Is enough being done to protect your patients from dangerous infections?

Daniel Cook

Daniel Cook, Editor-in-Chief


prevent duodenoscope-related infections ACTION STEPS Efforts to prevent duodenoscope-related infections have ramped up in recent months.

The deadly outbreak at the UCLA Medical Center in Los Angeles that was linked to difficult-to-clean duodenoscopes certainly got people's attention, but trouble had been colonizing in reprocessing rooms across the country for years.

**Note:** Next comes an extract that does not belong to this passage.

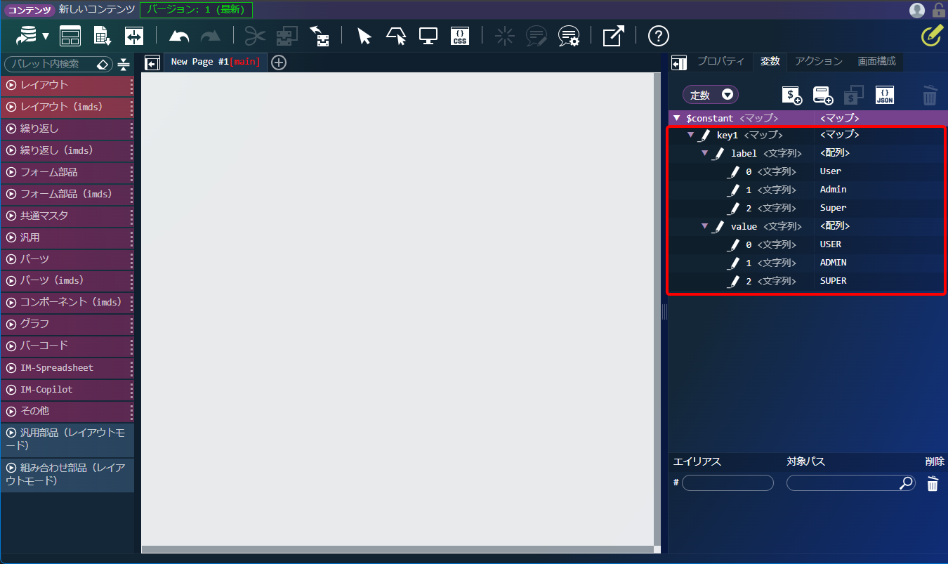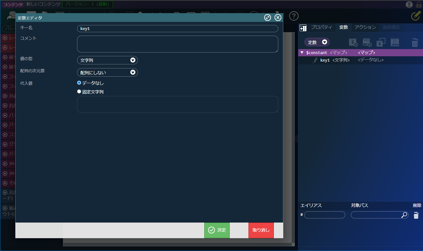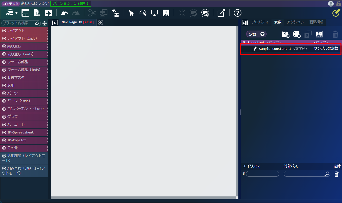 以降は通常の定数と同じように、エレメントへ指定したり、カスタムスクリプトで $constant.sample-constant-1 のように参照できます。

In the UCLA case, 2 patients who underwent endoscopic retrograde cholangiopancreatography (ERCP) contracted carbapenem-resistant Enterobacteriaceae (CRE) from dirty scopes and died. Outbreaks related to the use of dirty duodenoscopes occurred in 2012 at the University of Pittsburgh Medical Center and in 2013 at Advocate Lutheran General Hospital in Park Ridge, Ill. Earlier this year, Virginia Mason Medical Center in Seattle, Wash., reported that 11 of 32 infected patients subsequently died. New reports suggest duodenoscopes were linked to the infections of 281 patients with a strand of E. coli at Hartford Hospital in Connecticut late last year.

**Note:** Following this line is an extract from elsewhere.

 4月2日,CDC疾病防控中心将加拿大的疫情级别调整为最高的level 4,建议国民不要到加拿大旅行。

The FDA says it received 75 Medical Device Reports between January 2013 and December 2014, involving approximately 135 patients, but it seems that concrete steps to address problems related to dirty scopes began in earnest this year. In late March, Olympus issued new reprocessing instructions for its TJF-Q180V duodenoscope. That's also when the American Society for Gastrointestinal Endoscopy (ASGE) gathered 60 experts for a duodenoscope infection control summit and the American Gastroenterological Association (AGA) convened a "Getting to Zero" meeting to figure out how to stop device-associated infections. Instruments manufactured by Fujifilm, Olympus and Pentax have been linked to the outbreak; the 3 companies said earlier this year that they will cooperate fully with the FDA to address concerns surrounding duodenoscopes and CRE infection.

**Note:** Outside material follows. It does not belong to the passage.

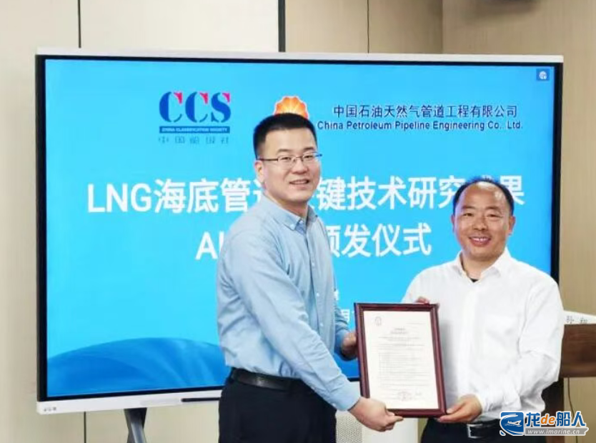 近日,中国船级社(CCS)在新型海底管道服务能力建设方面取得新成果,CCS海洋工程技术中心为中国石油天然气管道工程有限公司颁发国内首张LNG管道AIP证书,服务保障我国海工行业在LNG安全高效输送技术领域开辟新路径。

Why didn't anyone act sooner? The answer, whether you choose to accept it or not, lies in striking a delicate balance between the undeniable benefit of using the scopes and the true risk of infection.

'A tough spot'
Patients who undergo ERCP are very sick, points out Stuart Gordon, MD, director of gastrointestinal endoscopy at Dartmouth-Hitchcock Medical Center in Lebanon, N.H. Duodenoscopes let physicians access the bile duct with minimal invasiveness during what are often outpatient procedures, says Dr. Gordon, who adds that major surgery is the only other option for treating complicated obstructions in the bile duct that duodenoscopes can remove.